Given material:
◆ ◆ ◆

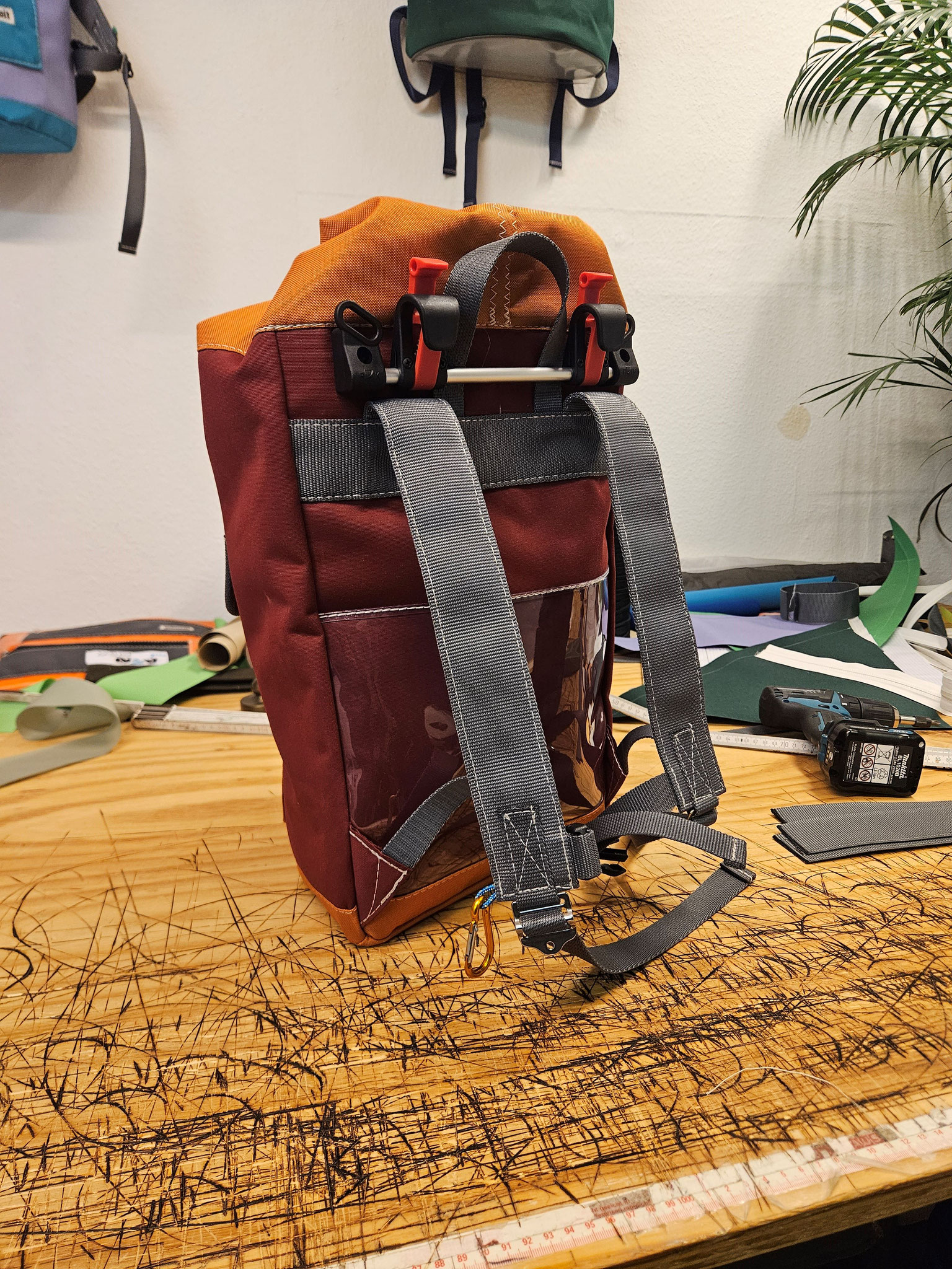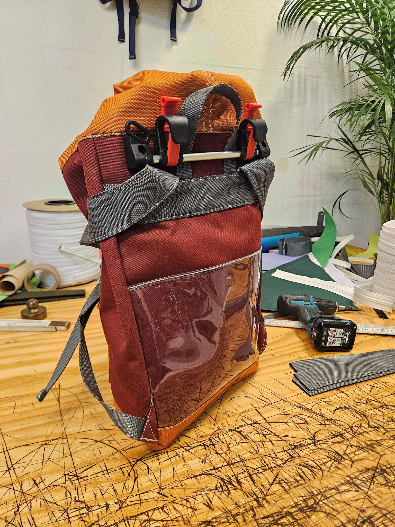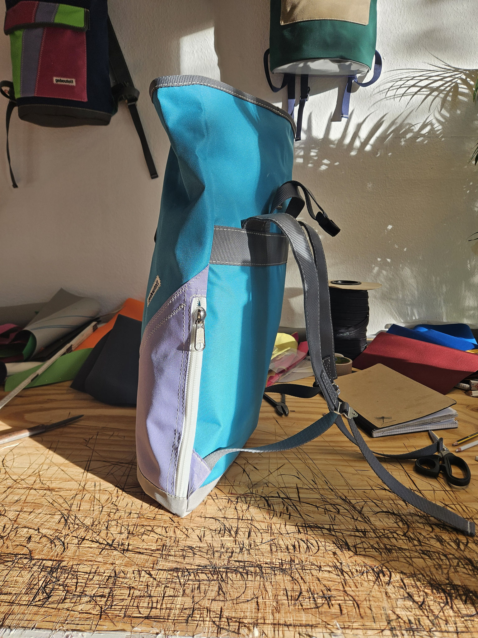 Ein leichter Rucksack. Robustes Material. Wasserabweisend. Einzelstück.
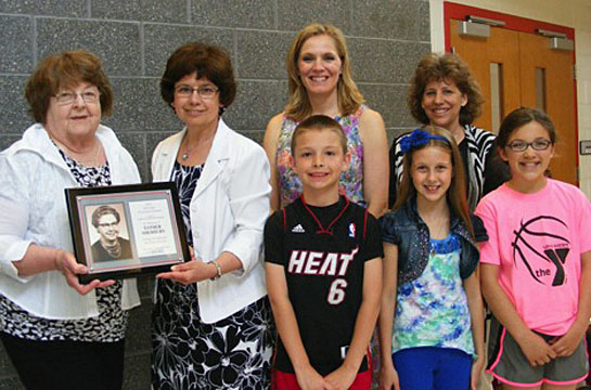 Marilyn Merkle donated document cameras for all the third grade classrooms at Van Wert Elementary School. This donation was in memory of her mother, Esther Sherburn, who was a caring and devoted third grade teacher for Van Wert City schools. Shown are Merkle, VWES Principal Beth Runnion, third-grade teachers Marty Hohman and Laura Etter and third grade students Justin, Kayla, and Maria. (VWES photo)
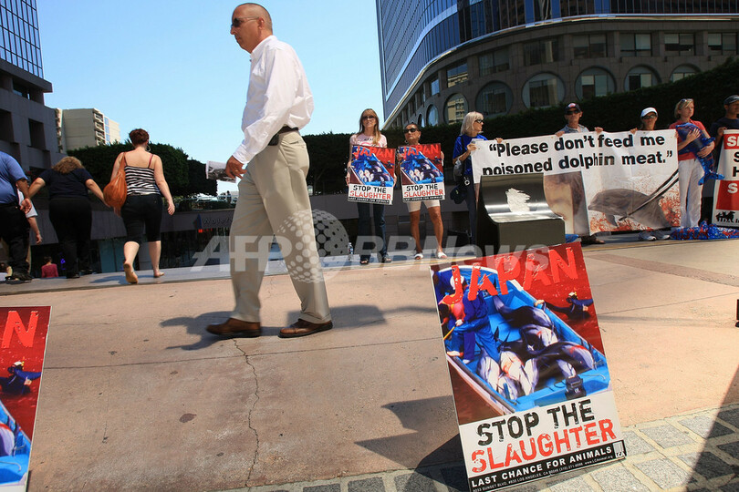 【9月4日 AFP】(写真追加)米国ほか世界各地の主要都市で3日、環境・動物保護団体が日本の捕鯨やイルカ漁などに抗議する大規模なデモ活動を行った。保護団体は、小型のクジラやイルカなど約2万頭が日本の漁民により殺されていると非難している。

◆ ◆ ◆

Prompt: Copy each line above exactly. Images do not belong in the copy.

Output of the exercise:
 Ein leichter Rucksack. Robustes Material. Wasserabweisend. Einzelstück.
 Marilyn Merkle donated document cameras for all the third grade classrooms at Van Wert Elementary School. This donation was in memory of her mother, Esther Sherburn, who was a caring and devoted third grade teacher for Van Wert City schools. Shown are Merkle, VWES Principal Beth Runnion, third-grade teachers Marty Hohman and Laura Etter and third grade students Justin, Kayla, and Maria. (VWES photo)
 【9月4日 AFP】(写真追加)米国ほか世界各地の主要都市で3日、環境・動物保護団体が日本の捕鯨やイルカ漁などに抗議する大規模なデモ活動を行った。保護団体は、小型のクジラやイルカなど約2万頭が日本の漁民により殺されていると非難している。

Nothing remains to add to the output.